Please copy exactly the part of the records below that opens with the line containing "Το Σχολείο μας" and closes with the line containing "бронз със златен", leaving out any pictures.
====== Material to process
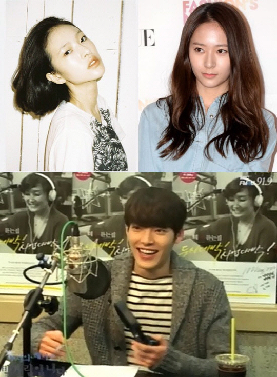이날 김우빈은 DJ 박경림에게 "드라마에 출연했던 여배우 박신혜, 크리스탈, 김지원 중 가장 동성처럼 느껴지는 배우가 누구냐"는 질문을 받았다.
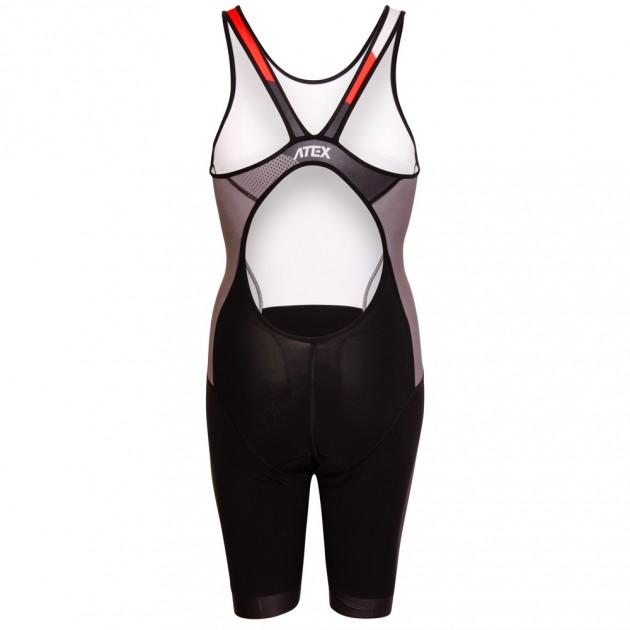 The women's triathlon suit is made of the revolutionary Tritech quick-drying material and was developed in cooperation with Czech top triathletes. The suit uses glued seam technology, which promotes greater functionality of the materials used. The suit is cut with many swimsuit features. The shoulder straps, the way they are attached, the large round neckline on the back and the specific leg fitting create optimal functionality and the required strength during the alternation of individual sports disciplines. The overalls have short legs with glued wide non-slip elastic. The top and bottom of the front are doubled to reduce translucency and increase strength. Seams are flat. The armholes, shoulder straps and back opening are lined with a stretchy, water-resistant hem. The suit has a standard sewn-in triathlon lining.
============
====== Material to process
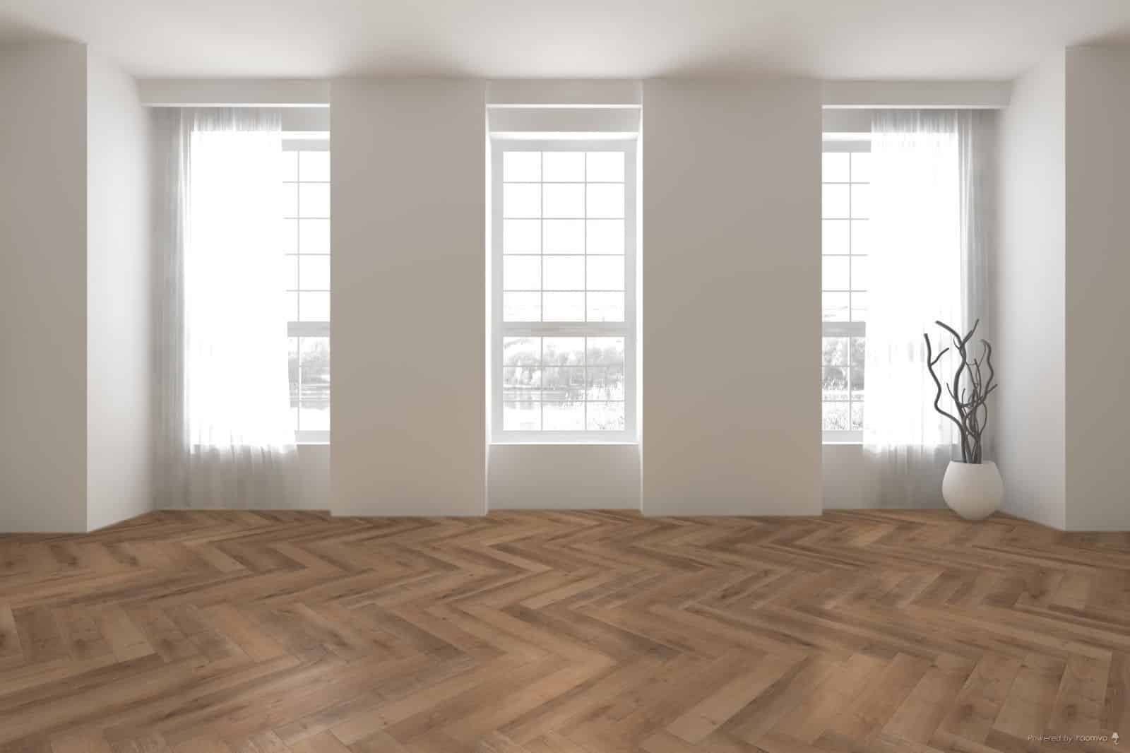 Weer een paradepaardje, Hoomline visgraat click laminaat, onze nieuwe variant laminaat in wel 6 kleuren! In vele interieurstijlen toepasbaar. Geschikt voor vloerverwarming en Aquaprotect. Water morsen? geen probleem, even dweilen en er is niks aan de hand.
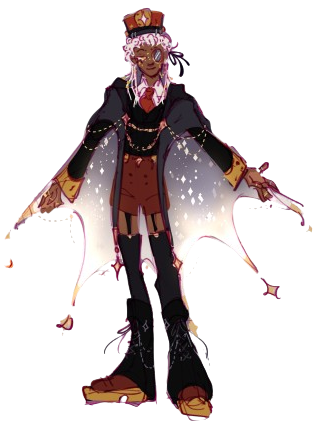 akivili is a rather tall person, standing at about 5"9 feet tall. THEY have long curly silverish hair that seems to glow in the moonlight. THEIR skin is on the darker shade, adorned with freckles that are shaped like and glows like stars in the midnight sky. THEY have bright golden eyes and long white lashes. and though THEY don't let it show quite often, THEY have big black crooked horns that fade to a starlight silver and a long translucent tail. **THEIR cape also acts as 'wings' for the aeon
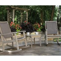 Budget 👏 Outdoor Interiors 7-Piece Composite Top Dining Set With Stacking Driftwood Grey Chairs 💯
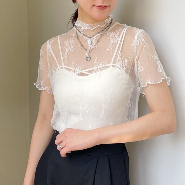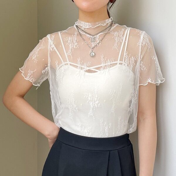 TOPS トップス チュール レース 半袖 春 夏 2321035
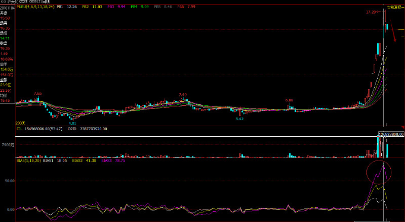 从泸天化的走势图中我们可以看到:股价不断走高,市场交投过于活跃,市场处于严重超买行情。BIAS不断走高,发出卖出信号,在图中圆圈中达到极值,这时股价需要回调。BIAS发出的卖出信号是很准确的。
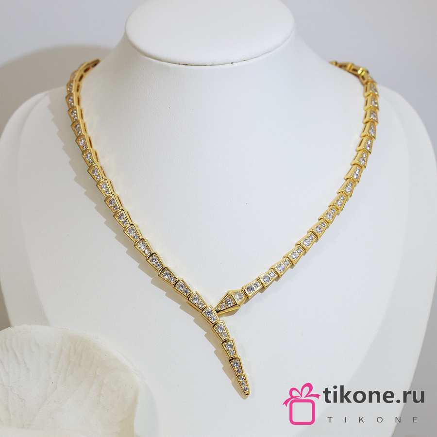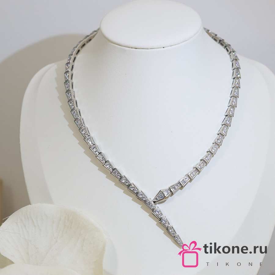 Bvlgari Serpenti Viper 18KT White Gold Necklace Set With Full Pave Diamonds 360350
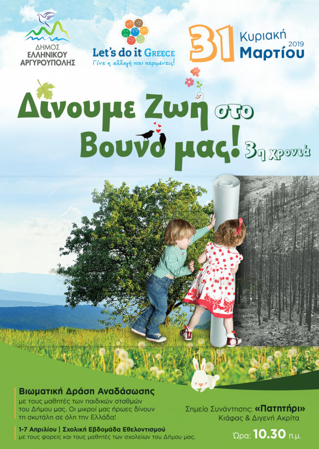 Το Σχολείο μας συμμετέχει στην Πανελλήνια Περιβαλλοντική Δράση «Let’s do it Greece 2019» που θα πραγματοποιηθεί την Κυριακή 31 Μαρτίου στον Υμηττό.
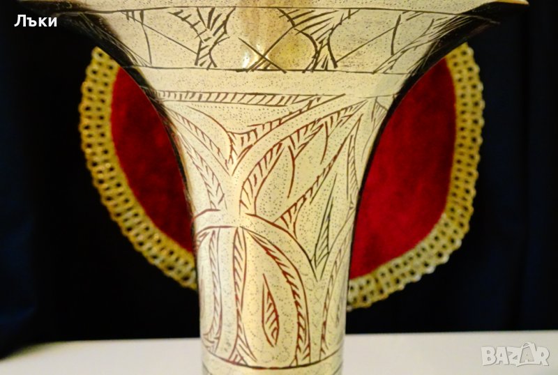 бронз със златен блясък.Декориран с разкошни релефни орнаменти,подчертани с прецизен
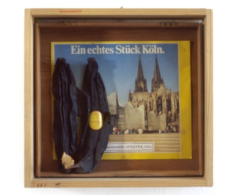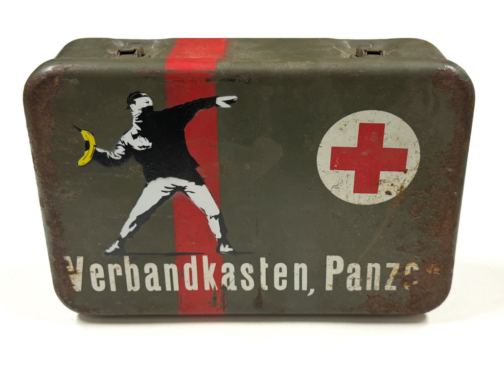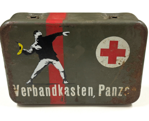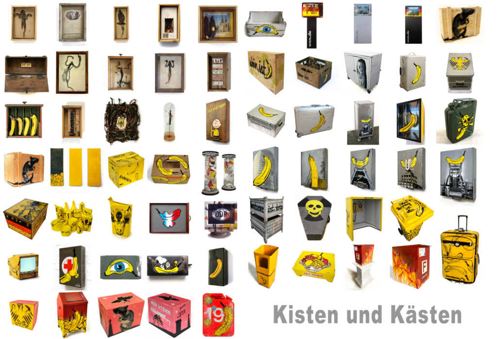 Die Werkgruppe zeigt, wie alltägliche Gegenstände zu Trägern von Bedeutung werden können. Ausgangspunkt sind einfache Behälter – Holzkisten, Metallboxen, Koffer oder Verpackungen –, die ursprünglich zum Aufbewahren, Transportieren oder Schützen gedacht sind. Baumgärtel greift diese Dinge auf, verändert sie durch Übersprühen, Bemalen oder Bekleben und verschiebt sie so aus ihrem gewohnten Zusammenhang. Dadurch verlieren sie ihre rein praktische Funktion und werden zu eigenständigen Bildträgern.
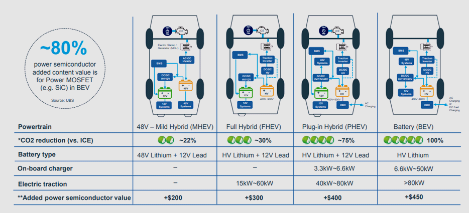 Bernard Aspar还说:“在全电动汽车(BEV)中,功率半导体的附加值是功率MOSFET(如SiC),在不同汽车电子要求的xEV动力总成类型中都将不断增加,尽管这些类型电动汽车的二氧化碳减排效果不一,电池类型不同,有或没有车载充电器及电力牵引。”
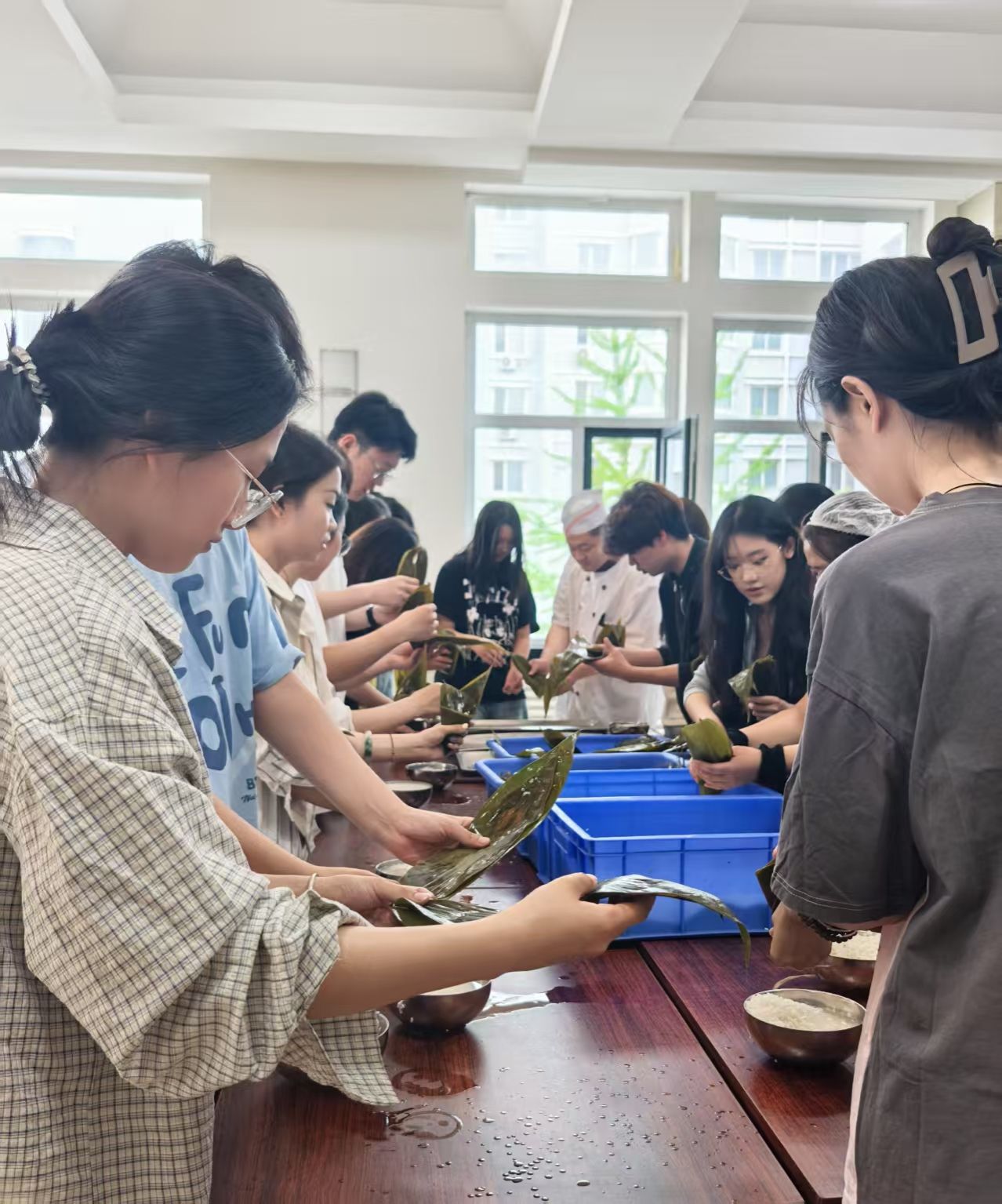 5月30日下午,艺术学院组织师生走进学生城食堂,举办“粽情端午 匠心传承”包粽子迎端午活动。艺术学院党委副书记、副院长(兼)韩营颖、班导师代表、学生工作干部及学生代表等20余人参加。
============
====== Material to process
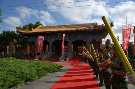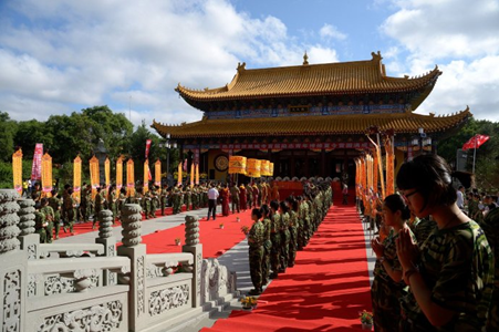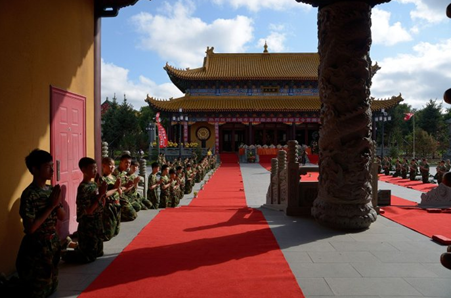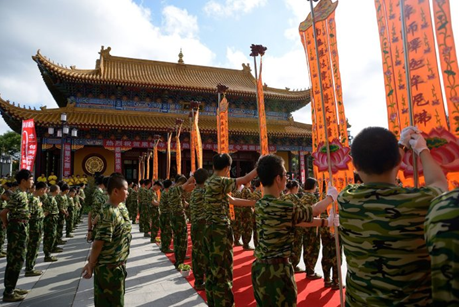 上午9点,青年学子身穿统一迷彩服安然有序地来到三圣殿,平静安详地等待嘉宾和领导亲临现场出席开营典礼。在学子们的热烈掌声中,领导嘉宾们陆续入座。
============
- [Written response]
 Το Σχολείο μας συμμετέχει στην Πανελλήνια Περιβαλλοντική Δράση «Let’s do it Greece 2019» που θα πραγματοποιηθεί την Κυριακή 31 Μαρτίου στον Υμηττό.
 бронз със златен блясък.Декориран с разкошни релефни орнаменти,подчертани с прецизен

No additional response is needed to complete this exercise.